Il Galateo overo de' costumi, il cui titolo completo è Trattato di messer Giovanni della Casa, nel quale sotto la persona d'un vecchio idiota ammaestrante un suo giovanetto, si ragiona de modi, che si debbono o tenere, o schifare nella comune conversatione, cognominato Galatheo overo de costumi, noto comunemente come Galateo, è un breve trattato scritto da Giovanni Della Casa (1503-56) probabilmente negli anni in cui si ritirò nell'abbazia di Sant'Eustachio presso Nervesa, nel trevigiano, o a Calvisano (BS) tra il 1551 e il 1555, e pubblicato postumo nel 1558.

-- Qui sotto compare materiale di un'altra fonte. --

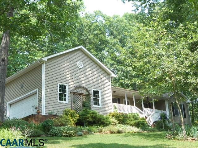 Perfect setting nestled amongst hardwoods in a quiet cove near Lovingston , this 1834 sq. ft., 2 Br., 2 1/2 Ba home on 3.57 ac. offers relaxing front porch to absorb serene mountain views. Hardwood floors flow through open floor plan with 12' vaulted ceiling in 17'x18.5' Great Room w/FP. Recent addition of adjacent 13'x21' Den w/screened porch is perfect for entertaining or for another bedroom. Fully equipped Kit. has abundant Oak cabinetry with Corian countertops & Dining Area. Both with great outdoor views of farmland & wildlife. 14.8'x 20.4' Master BR. has adjoining Master BA. & his/hers walk-in closets. 2-car attached garage w/workshop has a 4'x14.5' Storage closet. Landscaped with rock walls, perennials, seating & picnic areas.

L'opera era stata preceduta da un breve trattato in latino sullo stesso argomento, il De officiis inter tenuiores et potentiores amicos (1546). Allusioni indirette presenti nel testo del Galateo fanno ritenere che il trattato sia stato scritto tra il 1550 e il 1552, in un periodo di tranquillità seguito alla rinuncia di molte sue cariche e precedente la nomina a Segretario di stato voluta da Papa Paolo IV. L'opera fu dedicata a Galeazzo Florimonte, vescovo prima di Aquino e poi di Sessa Aurunca (da ciò il titolo dell'opera, infatti Galatheus è la forma latina del nome del dedicatario).

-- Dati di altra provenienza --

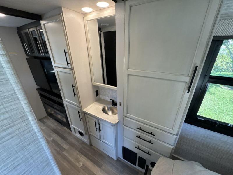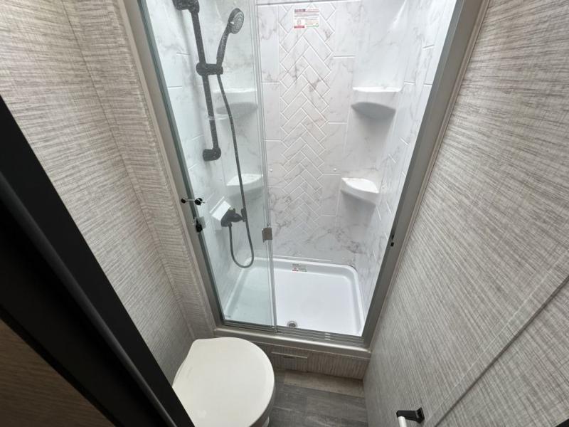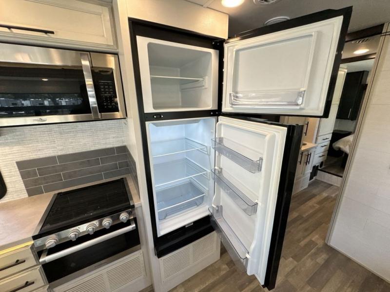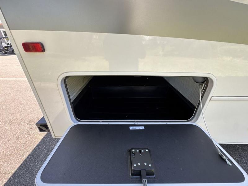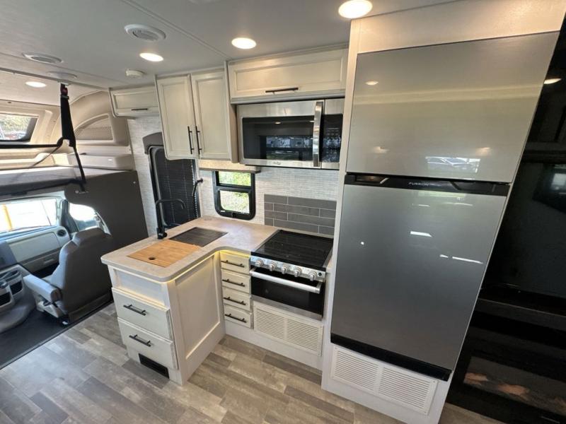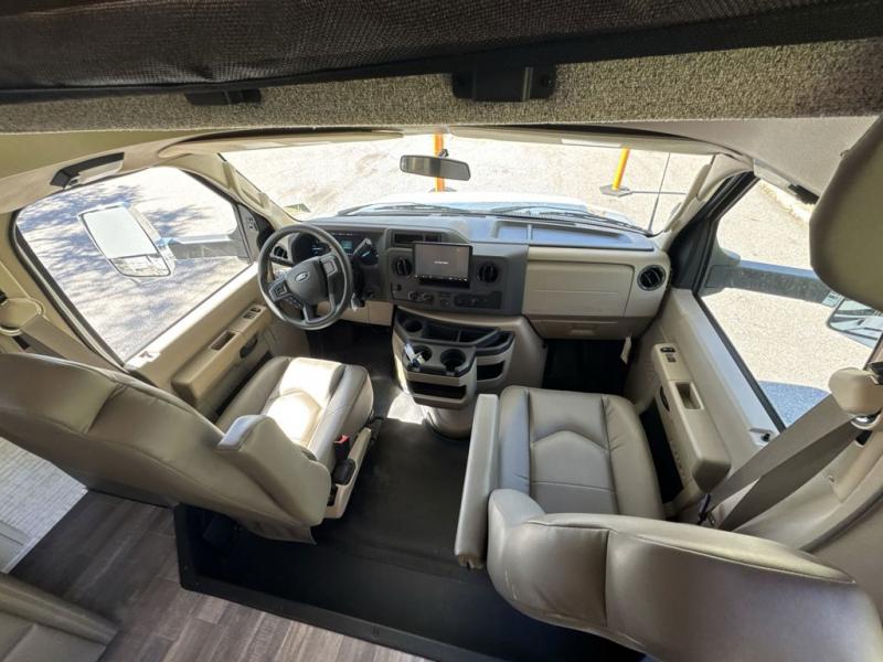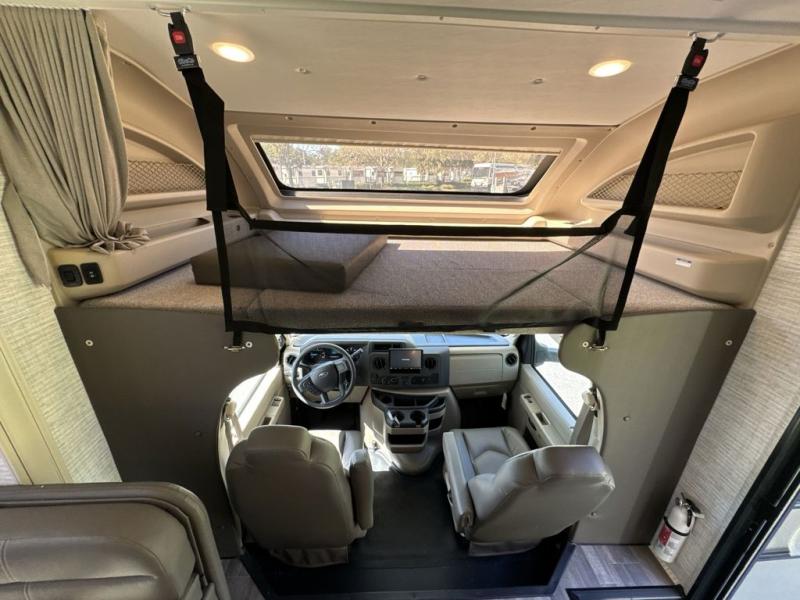 With any Greyhawk Class C gas motorhome by Jayco you will experience smooth sailing thanks to the JRIDE PLUS that comes with Koni shock absorbers, a computer-balanced driveshaft, Hellwig helper springs, and more. The Ford E-450 chassis with a 7.3L V8 325 HP engine will power your excursions, and you'll appreciate the added safety features for your peace of mind. Each model features a Sony infotainment center with Apple CarPlay and Android Auto, backup and side-view cameras, and a tire pressure monitor system the driver is sure to appreciate. Durable construction begins with Stronghold VBL roof, floor and sidewalls, bead-foam insulation, and a one-piece seamless fiberglass front cap. Head inside to find blackout night roller shades, LED-lit pressed countertops, an 84" interior ceiling height, and hardwood cabinet doors and drawers.

Le edizioni del Galateo si rifanno sostanzialmente al testo del manoscritto Vaticano Latino (ex Parraciani Ricci) apografo, ma con correzioni autografe (ha valore quindi di autografo) e all'editio princeps (Vulgata) edita a Venezia e curata da Erasmo Gemini (segretario di Della Casa). La problematicità della scelta delle due lezioni proviene dal fatto che solo il manoscritto è certificato come lezione d'autore (correzioni di Della Casa stesso) mentre discutibile è lo sviluppo del testo nella princeps: per una corretta focalizzazione sulla differenza tra varianti diventa importante il confronto tra l'edizione critica Scarpa (basata usualmente sulla princeps e influenzata dal lavoro di Prezzolini) e l'edizione a cura di Barbarisi (con il riferimento del Vaticano Latino).

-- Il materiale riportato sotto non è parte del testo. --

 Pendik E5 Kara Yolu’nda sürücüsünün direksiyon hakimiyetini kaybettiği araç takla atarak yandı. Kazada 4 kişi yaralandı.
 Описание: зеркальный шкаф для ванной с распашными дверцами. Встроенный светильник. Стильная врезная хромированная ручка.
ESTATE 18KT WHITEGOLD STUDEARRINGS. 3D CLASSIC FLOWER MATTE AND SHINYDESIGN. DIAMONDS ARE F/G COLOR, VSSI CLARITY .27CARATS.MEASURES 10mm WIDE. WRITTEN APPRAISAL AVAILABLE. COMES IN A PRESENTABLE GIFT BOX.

  • Nel manoscritto non compare né il titolo né la ripartizione in capitoli
  • Il manoscritto è stato acquistato dalla Biblioteca Vaticana solo negli anni cinquanta del Novecento: prima faceva parte del fondo Parraciani (poi Parracciani-Ricci), un fondo privato e quindi consultabile da pochi "autorizzati"
  • Molte delle varianti della princeps sono forse da attribuire a Erasmo Gemini stesso o al Gualteruzzi
  • Nella lettera dedicatoria a inizio trattato della princeps, Erasmo riferisce di avere avuto non pochi problemi ad avere il permesso di pubblicare il Galateo, opera di proprietà del nipote di Della Casa: Annibale Ruccellai

Il trattato, scritto in forma di dialogo platonico, per quanto l'interlocutore stia in ascolto del "vecchio" per tutto il trattato, condensa le molteplici esperienze di diplomazia e di vita cortigiana accumulate in qualità di Nunzio apostolico a Venezia e Segretario di stato durante il pontificato di Papa Paolo III. Dietro il giovinetto si cela Annibale, il nipote prediletto dell'autore. I trenta capitoli sono stati aggiunti nell'editio princeps probabilmente dall'editore: il manoscritto Vaticano Latino (ex Parraciani Ricci) infatti ne è sprovvisto.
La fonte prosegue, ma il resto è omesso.